→ WHAT TO DO
In the entries below, find the line with "maroquin bleu nuit, dos" and the line with "Cole Dark Grey"; copy them and every line between them exactly, but not the pictures.

Items from a dataset:
**********
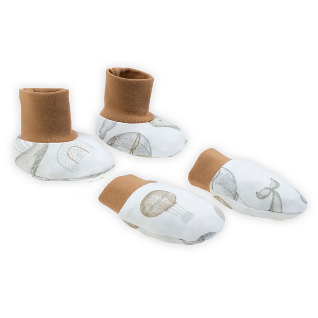 Beautiful and practical Nicol Miki cotton set. The set consists of caps and gloves. The caps and gloves are decorated with pictures and have drawstring cuffs. Fancy dressing knows no bounds and it is up to you how you match the set with the clothes of the Miki collection. 100% cotton.
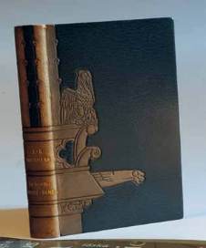 maroquin bleu nuit, dos sans nerf orné d’une composition de style architectural représentant une gargouille en chagrin gris, doublures
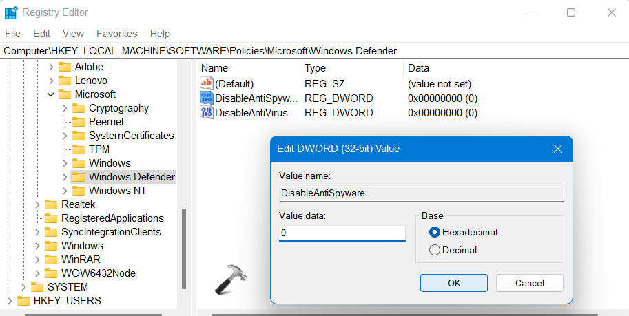 HKEY_LOCAL_MACHINESOFTWAREPoliciesMicrosoftWindows Defender
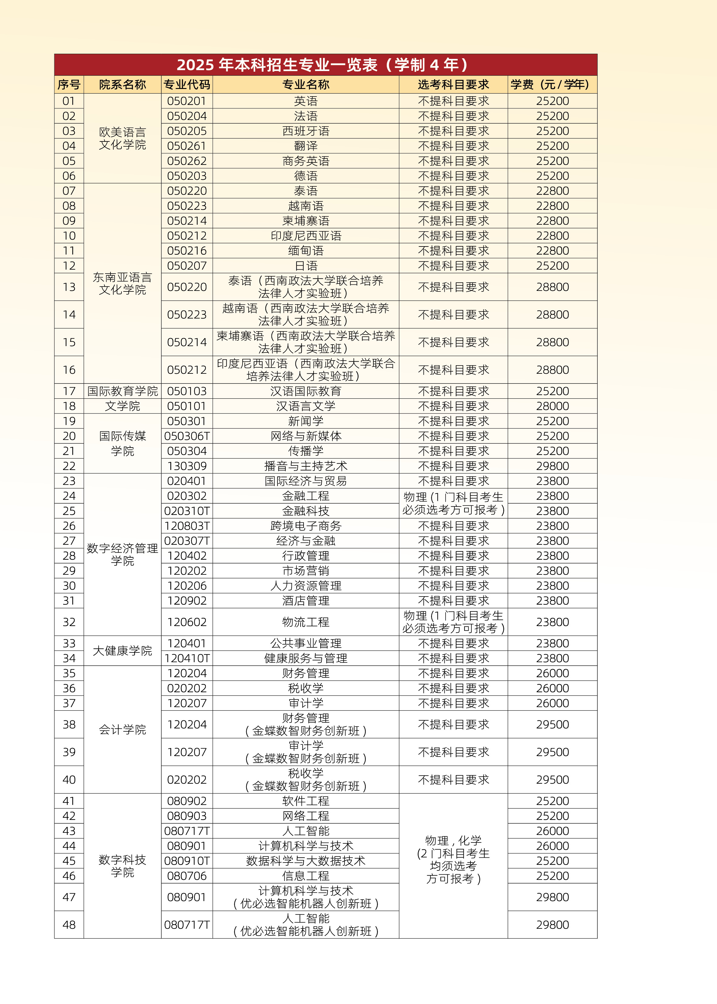 广西外国语学院2025年招生简章
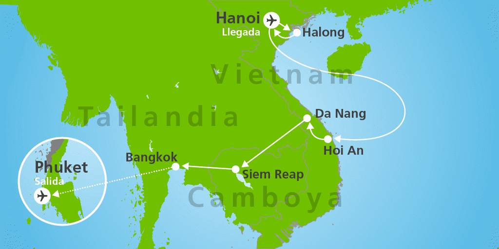 Hanói - Bahía de Halong - Hanói - Da Nang - Hoi An - Da Nang - Siem Reap - Bangkok - Phuket
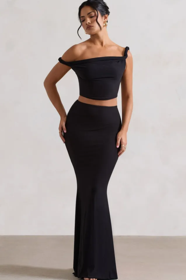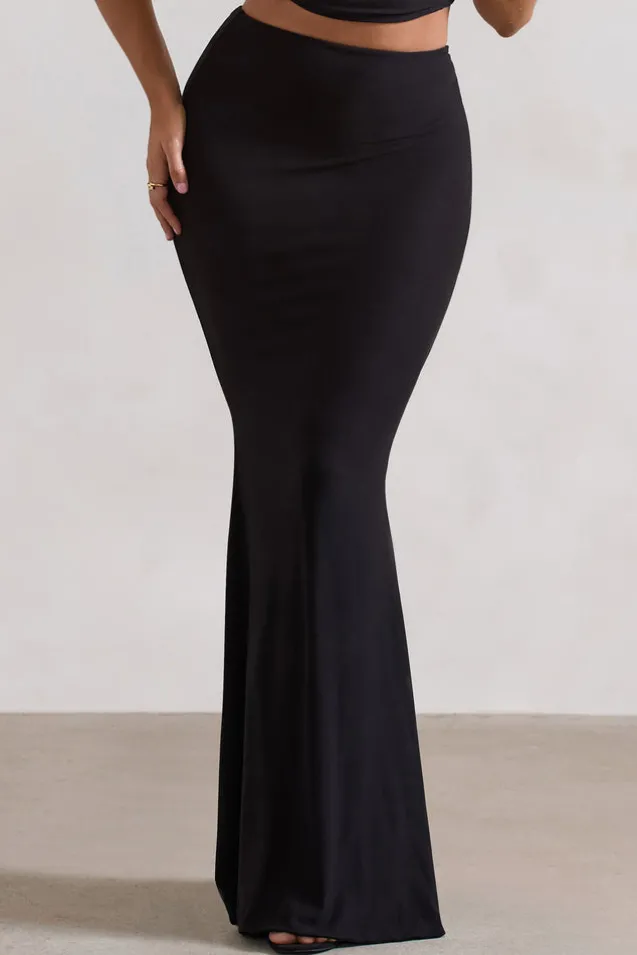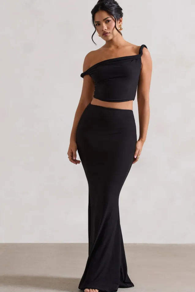 Every wardrobe needs a staple maxi skirt like Neve. Crafted in our super-soft stretch jersey, this staple boasts a figure-flattering asymmetric design that enhances your natural waistline. Features – Premium stretch jersey- Asymmetric waistline- Maxi length Sizing & Fit Model is 5’6 and wears UK size 8/US size 4 Product Information Designed exclusively by Club L London Double layered with good stretch Premium jersey in Black (95% Polyester, 5% Elastane) 112cm total length
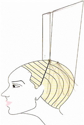 1. Розділити волосся на дві зони: потиличну та фронтальну. На потиличній зоні відділити контрольну прядку (вертикальним проділом), зістригти під кутом 90. Всі прядки потиличної зони підтягувати до контрольної. Прядки відділяються вертикальними проділами. Контрольна прядка нерухома. Кут зрізу прядки 125(подовження на потилицю) (рис.1).
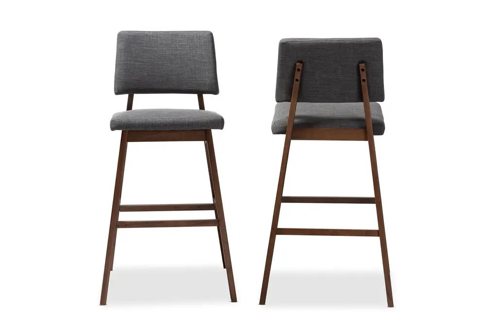 Cole Dark Grey Fabric Upholstered + Wood 30.3" Barstool Set Of 2 | Armless
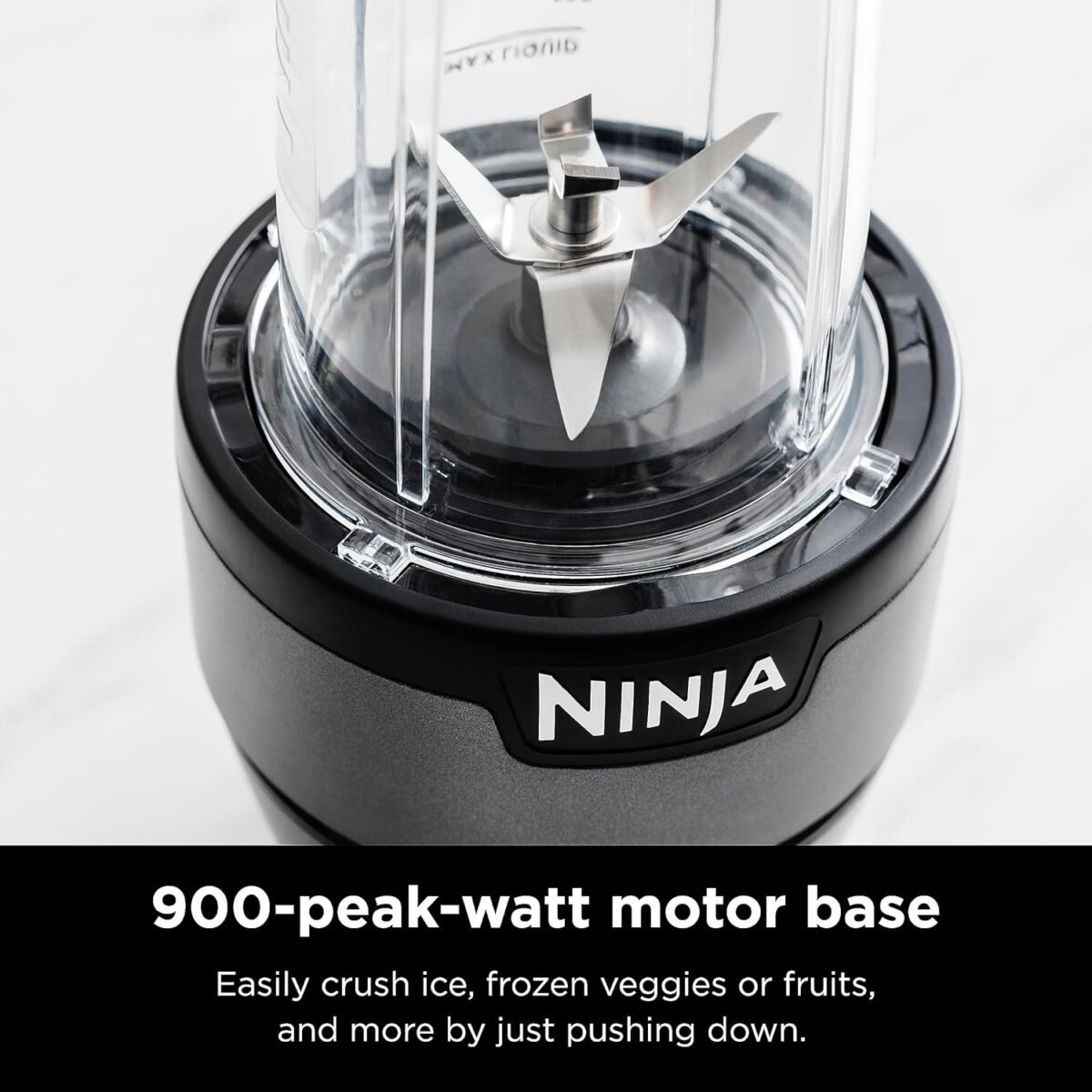 - 900 PEAK WATT BASE: The intuitive 900-peak-watt push-to-blend motor base powers through everything inside the cup to give you the best of Ninja blending.
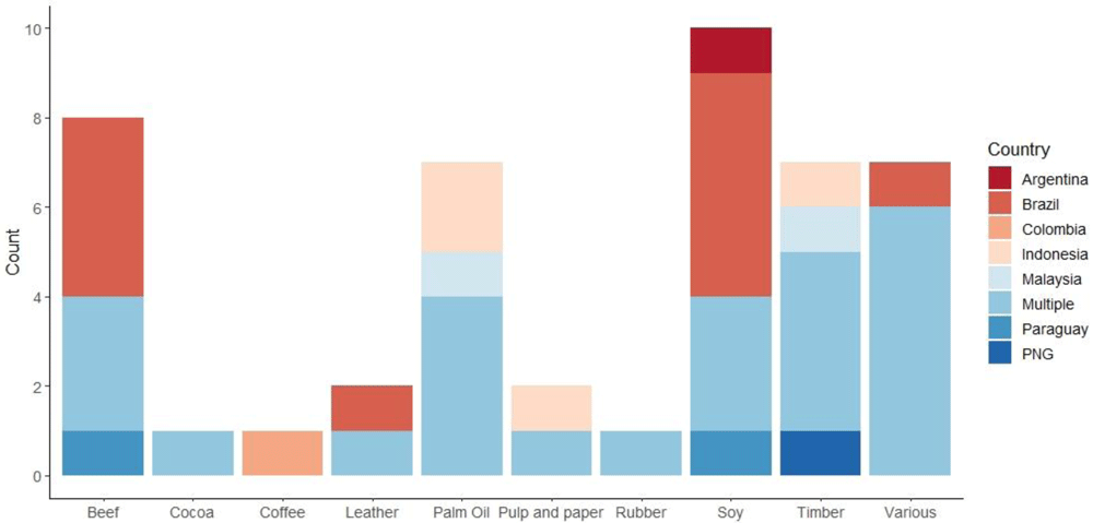 In the studies selected after the second screening, a more detailed assessment of commodities covered was conducted. The most common commodity and study area examined exclusively was also Brazilian soy (Figure 3). Other Latin American countries commonly presented in results included Argentina, Bolivia, Colombia, and Paraguay. Indonesia, Malaysia, and Papua New Guinea were also frequently mentioned. After soy, beef, palm oil, and timber were the most common commodities studied exclusively (Figure 3). Other tropical deforestation risk commodities include pulp and paper, leather, rubber, cocoa and coffee.
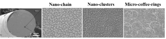 前期,团队针对平端面光纤结构,先后发展了激光诱导蒸发自组装法(ZL201811144372.6,ZL201811414826.7)、激光诱导一步提拉法(ZL201811144266.8)、飞秒激光诱导还原法(ZL201811342587.9)等多种制备方法,在光纤平端面制备出具有大SERS增强的纳米结构(如图1所示),例如纳米颗粒链状结构(Nanoscale, 2016, 8, 10607)、微咖啡环纳米结构(Sensors and Actuators: B. Chemical, 2019, 299, 126990)、纳米颗粒团簇结构(Optics Express, 2020, 28, 6649; Optics Express, 2022, 30, 15846)等,显著提升了液相原位SERS光谱检测的灵敏度和重复性。
**********
→ TASK OUTPUT
 maroquin bleu nuit, dos sans nerf orné d’une composition de style architectural représentant une gargouille en chagrin gris, doublures
 HKEY_LOCAL_MACHINESOFTWAREPoliciesMicrosoftWindows Defender
 广西外国语学院2025年招生简章
 Hanói - Bahía de Halong - Hanói - Da Nang - Hoi An - Da Nang - Siem Reap - Bangkok - Phuket
 Every wardrobe needs a staple maxi skirt like Neve. Crafted in our super-soft stretch jersey, this staple boasts a figure-flattering asymmetric design that enhances your natural waistline. Features – Premium stretch jersey- Asymmetric waistline- Maxi length Sizing & Fit Model is 5’6 and wears UK size 8/US size 4 Product Information Designed exclusively by Club L London Double layered with good stretch Premium jersey in Black (95% Polyester, 5% Elastane) 112cm total length
 1. Розділити волосся на дві зони: потиличну та фронтальну. На потиличній зоні відділити контрольну прядку (вертикальним проділом), зістригти під кутом 90. Всі прядки потиличної зони підтягувати до контрольної. Прядки відділяються вертикальними проділами. Контрольна прядка нерухома. Кут зрізу прядки 125(подовження на потилицю) (рис.1).
 Cole Dark Grey Fabric Upholstered + Wood 30.3" Barstool Set Of 2 | Armless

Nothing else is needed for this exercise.